Altocumulus clouds are generally associated with settled weather and will normally appear white or grey with shading.
- Height of base: 7,000 - 18,000 ft
- Shape: Bands or areas of individual cells
- Latin: altum - height; cumulus - heap
- Precipitation: None on its own
What are altocumulus clouds?
Altocumulus clouds are small mid-level layers or patches of clouds, called cloudlets, which most commonly exist in the shape of rounded clumps. There are many varieties of altocumulus, however, meaning they can appear in a range of shapes. Altocumulus are made up of a mix of ice and water, giving them a slightly more ethereal appearance than the big and fluffy lower level cumulus.

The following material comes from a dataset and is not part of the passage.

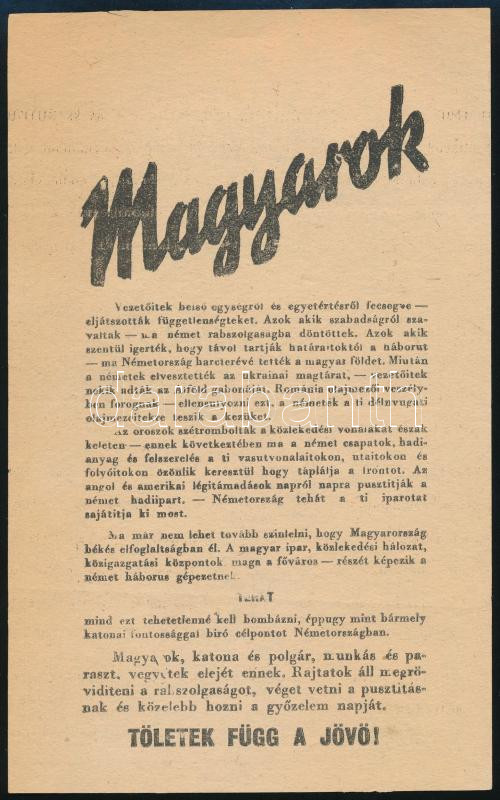 cca 1942-44 "Magyarok", II. világháborús, szövetséges, kétoldalas propaganda röplap, szövetséges repülő által terjesztve

How do altocumulus clouds form?
Altocumulus clouds can form in several ways, such as;
- Formation through the breakup of altostratus
- The lifting of moist air pockets which are cooled by gentle turbulence
- Mountainous terrain producing atmospheric waves from which clouds can form.
The presence of shading can help tell the difference between altocumulus and cirrocumulus. Cirrocumulus clouds are white and tiny, but altocumulus clouds can be white or grey with shaded sides.
What weather is associated with altocumulus clouds?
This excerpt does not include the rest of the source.